By the pricking of my thumbs, something musky this way comes. Or should that be, "something snowy"? Two trends seem to be gaining momentum in the perfume world - i) a greater emphasis on creamy musk materials; ii) a more prominent use of pearl-coloured aesthetics in packaging - and they both find expression in the latest release from Clinique, Aromatics In White, composed by IFF's Nicolas Beaulieu.
The scent's progenitor - the masterful Aromatics Elixir (Bernard Chant; 1971) - remains one of the most explosive marriages of rose and patchouli ever poured into a bottle, which may be why Beaulieu made the wise decision not to goad it into a direct stand-off. Instead, he's decided to use violet leaf to make the rose's wings lighter, orange to sweeten its smile and the faintest sprinkling of pepper to inject a sly sparkle into its gaze. And then comes that musky base. It's extremely quiet - many will doubtless complain that this composition's volume knob is turned way too low - but it is tenacious and it settles onto the wearer's skin with the ease of tender familiarity. It's almost as though the fiery union of the 1971 creation has travelled through the relatively chaste 90s and emerged with a greater appreciation of stability and comfort.

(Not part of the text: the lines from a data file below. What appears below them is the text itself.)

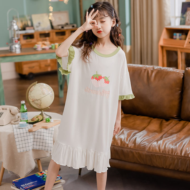 여아 잠옷 여름 어린이 얇은 공주 가정복 에어컨 옷 여아 중간 및 큰 어린이 반팔 원피스 잠옷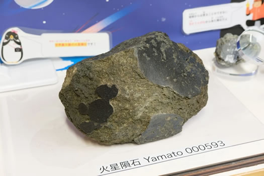 | 南極探検隊が発見した「火星の石」(大阪・関西万博で展示中) |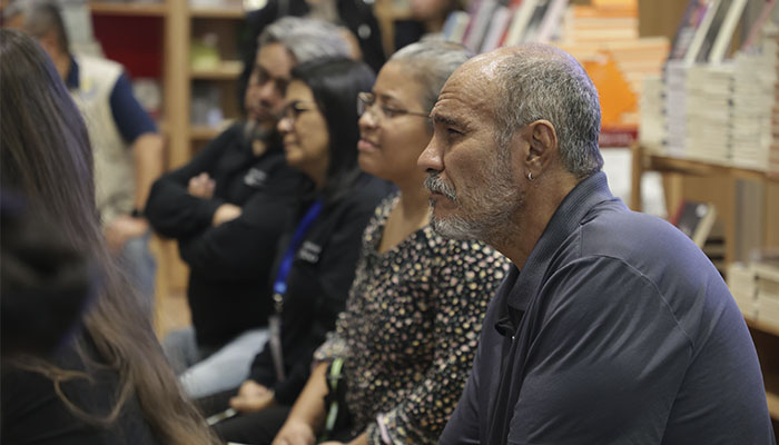 • La Dra. Tania Favela Bustillo, del Departamento de Letras de la Universidad Iberoamericana, presentó la edición definitiva de 'Migraciones: poema 1976-2020', de Gloria Gervitz, en el stand del Sistema Universitario Jesuita en la FIL de Guadalajara 2024.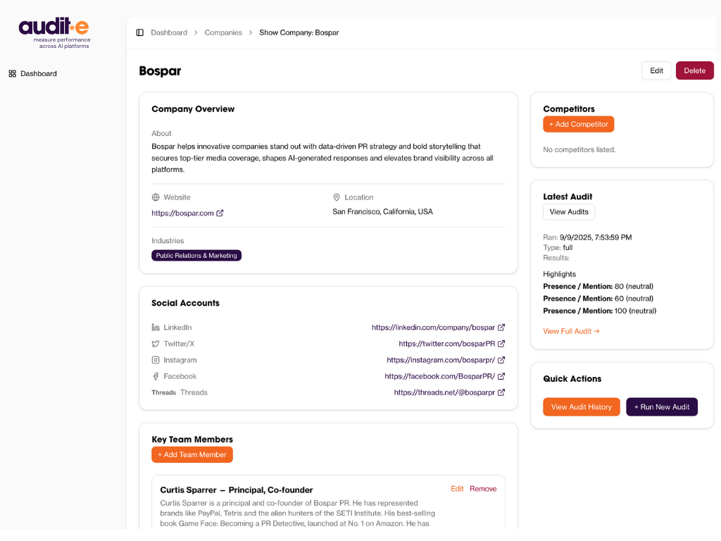 Jeff Wilser captured it perfectly in his AI Curious podcast: “What Bospar has done with Audit*E is create a roadmap for communications leaders to navigate an entirely new layer of reputation management: how AI describes you when you’re not in the room.”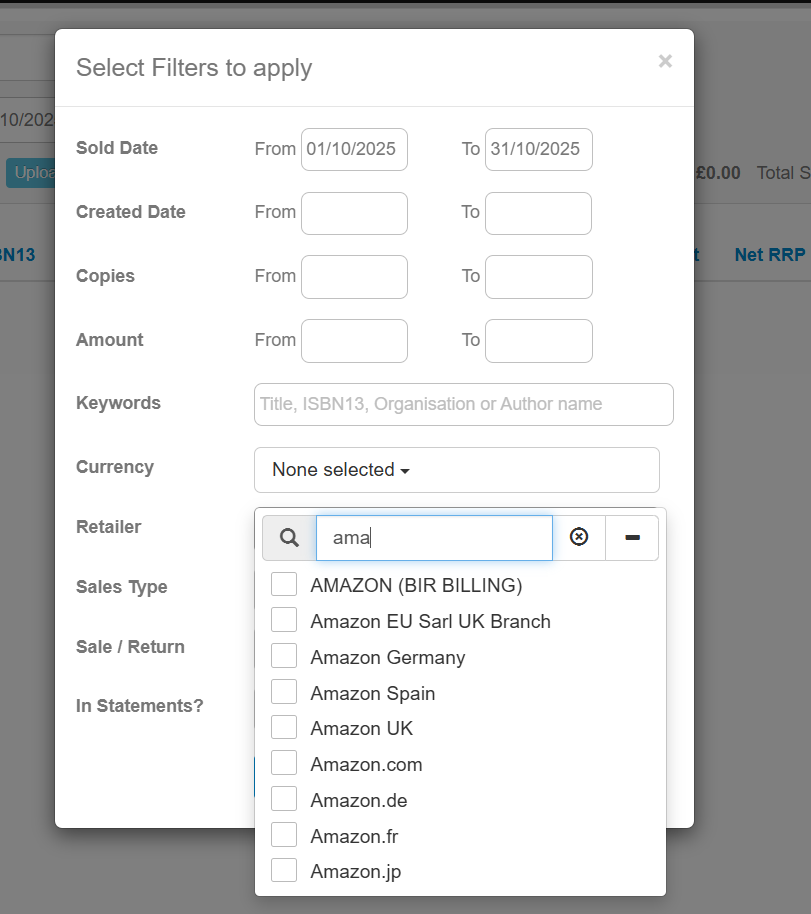 We have improved the Advanced Filters function by allowing you to search for a specific result in each field. For example, when opening the Retailer dropdown menu, you can now directly search for a retailer instead of scrolling through the list. This list will only populate once you have typed in three characters, which prevents loading problems for publishers that have a large amount of retailers logged within their system.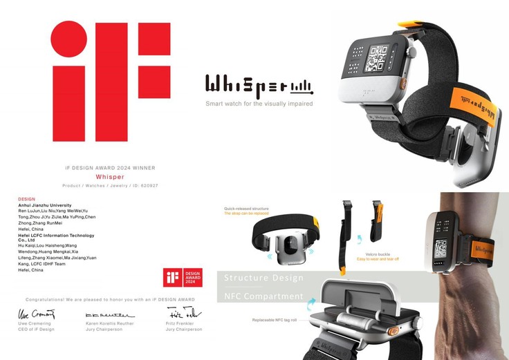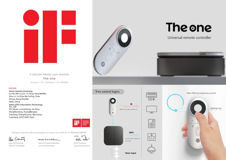 本网讯 近日,德国iF设计奖公布了2024年度获奖名单,机械与电气工程学院斩获两项国际工业设计产品组顶尖大奖德国iF奖:《Whisper视障人士智能手表》与《The One万能遥控器》。两款创新设计作品依托前沿技术与设计创新工作室,由我院工业设计系师生携手联宝(合肥)电子科技有限公司(以下简称联宝科技)共同打造。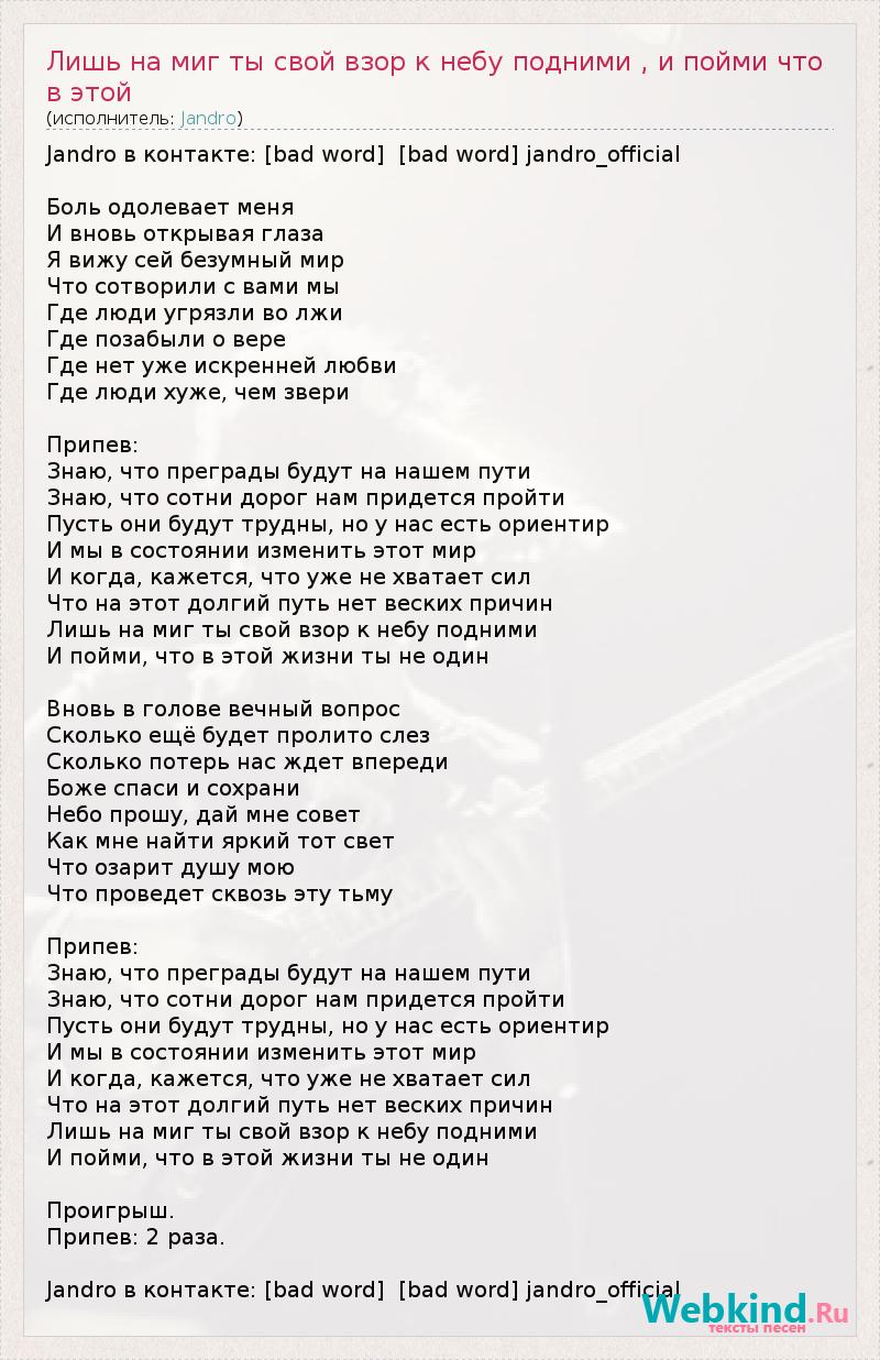 Jandro в контакте: [bad word] [bad word] jandro_official Боль одолевает меня И вновь открывая глаза Я вижу сей безумный мир Что сотворили с вами мы Где люди угрязли во лжи Где позабыли о вере Где нет уже искренней любви Где люди хуже, чем звери Припев: Знаю, что преграды будут на нашем пути Знаю, что сотни дорог нам придется пройти Пусть они будут трудны, но у нас есть ориентир И мы в состоянии изменить этот мир И когда, кажется, что уже не хватает сил Что на этот долгий путь нет веских причин Лишь на миг ты свой взор к небу подними И пойми, что в этой жизни ты не один Вновь в голове вечный вопрос Сколько ещё будет пролито слез Сколько потерь нас ждет впереди Боже спаси и сохрани Небо прошу, дай мне совет Как мне найти яркий тот свет Что озарит душу мою Что проведет сквозь эту тьму Припев: Знаю, что преграды будут на нашем пути Знаю, что сотни дорог нам придется пройти Пусть они будут трудны, но у нас есть ориентир И мы в состоянии изменить этот мир И когда, кажется, что уже не хватает сил Что на этот долгий путь нет веских причин Лишь на миг ты свой взор к небу подними И пойми, что в этой жизни ты не один Проигрыш. Припев: 2 раза. Jandro в контакте: [bad word] [bad word] jandro_official

A sleet-covered, impressionist panorama as seen through a veil of gauze, Aromatics In White is seamlessly blended, smooth and, for my money, a far more full-bodied representation of perfumery's most popular flower than Clinique's recent Beyond Rose. That said, it's not for nothing that I started this review with a reference to witches. Beaulieu's work here sounds innocuous, but it never quite lets you forget its roots. It may be clad in delicate, pearly robes, but somewhere, in its hidden recesses, it conceals a sorceress, ready to bare her soul each time you feel inclined to write her off. It is her presence that makes this subtle piece of work commendable and compelling.
[Review based on a sample of eau de parfum provided by Clinique in 2015.]